#### [Problem description]
Exact transcription begins at the first line of the material below and ends with the line holding "Браслет подвійний з"; pictures are skipped.

<<<<

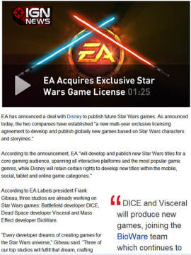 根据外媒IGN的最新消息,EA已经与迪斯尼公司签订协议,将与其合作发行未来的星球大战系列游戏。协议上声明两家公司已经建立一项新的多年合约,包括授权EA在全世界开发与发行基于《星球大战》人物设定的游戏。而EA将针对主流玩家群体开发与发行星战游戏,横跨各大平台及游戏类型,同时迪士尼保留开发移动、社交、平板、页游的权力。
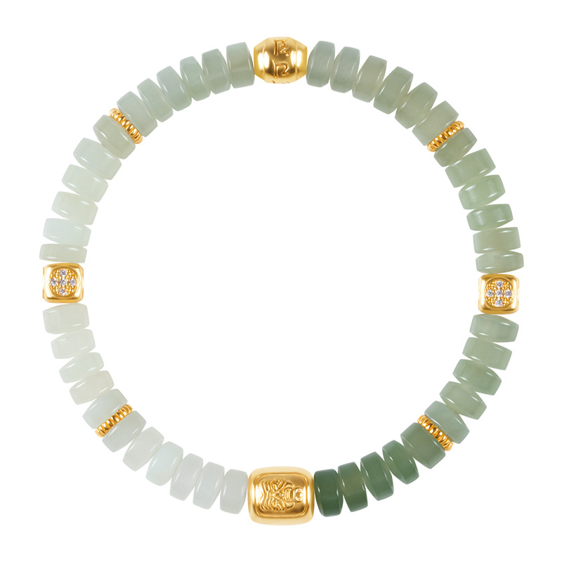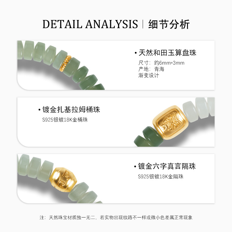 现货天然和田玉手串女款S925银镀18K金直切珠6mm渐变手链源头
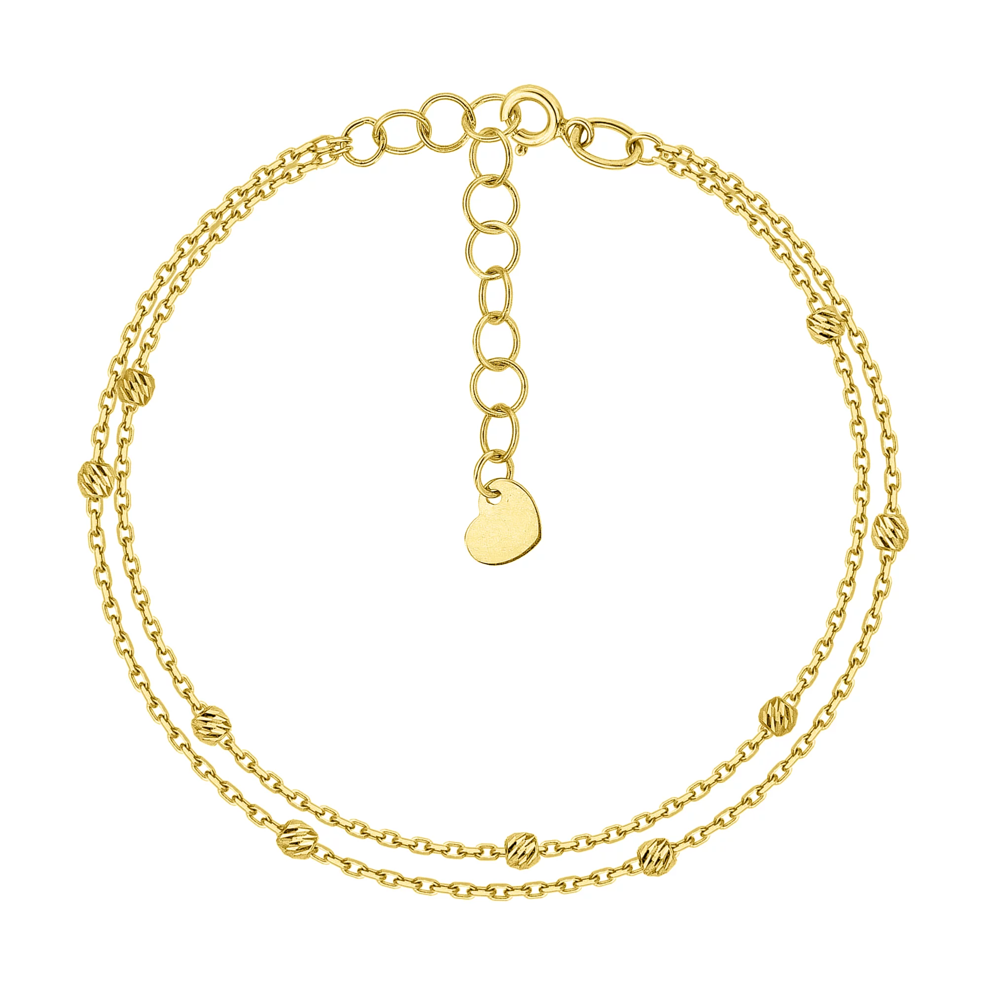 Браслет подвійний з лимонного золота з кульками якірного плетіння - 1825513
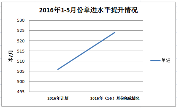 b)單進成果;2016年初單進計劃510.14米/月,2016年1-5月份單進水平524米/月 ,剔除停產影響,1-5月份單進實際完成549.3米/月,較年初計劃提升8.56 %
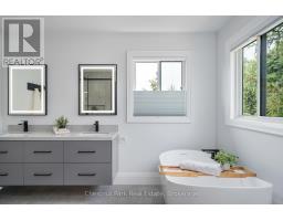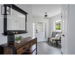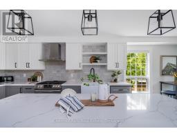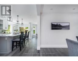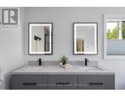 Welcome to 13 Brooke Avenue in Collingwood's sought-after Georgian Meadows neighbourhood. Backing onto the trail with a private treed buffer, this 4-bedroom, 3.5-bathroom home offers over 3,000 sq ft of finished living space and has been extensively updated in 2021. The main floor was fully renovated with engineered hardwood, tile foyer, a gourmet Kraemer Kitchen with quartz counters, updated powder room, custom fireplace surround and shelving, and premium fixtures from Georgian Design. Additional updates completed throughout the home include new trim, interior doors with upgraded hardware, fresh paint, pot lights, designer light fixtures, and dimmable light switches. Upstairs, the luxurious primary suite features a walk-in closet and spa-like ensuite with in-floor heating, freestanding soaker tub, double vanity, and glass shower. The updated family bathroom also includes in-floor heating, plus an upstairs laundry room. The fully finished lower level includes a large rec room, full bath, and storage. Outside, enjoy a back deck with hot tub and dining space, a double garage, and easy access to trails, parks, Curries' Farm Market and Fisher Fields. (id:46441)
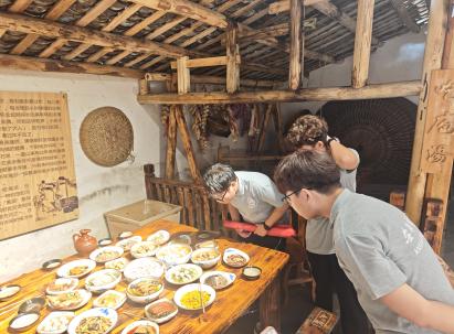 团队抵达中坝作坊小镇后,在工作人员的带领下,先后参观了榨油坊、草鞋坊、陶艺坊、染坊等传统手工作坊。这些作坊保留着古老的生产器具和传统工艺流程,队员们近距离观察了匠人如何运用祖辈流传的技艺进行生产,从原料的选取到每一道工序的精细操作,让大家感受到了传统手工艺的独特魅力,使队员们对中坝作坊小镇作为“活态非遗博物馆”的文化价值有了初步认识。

>>>>

#### [Written solution]
 根据外媒IGN的最新消息,EA已经与迪斯尼公司签订协议,将与其合作发行未来的星球大战系列游戏。协议上声明两家公司已经建立一项新的多年合约,包括授权EA在全世界开发与发行基于《星球大战》人物设定的游戏。而EA将针对主流玩家群体开发与发行星战游戏,横跨各大平台及游戏类型,同时迪士尼保留开发移动、社交、平板、页游的权力。
 现货天然和田玉手串女款S925银镀18K金直切珠6mm渐变手链源头
 Браслет подвійний з лимонного золота з кульками якірного плетіння - 1825513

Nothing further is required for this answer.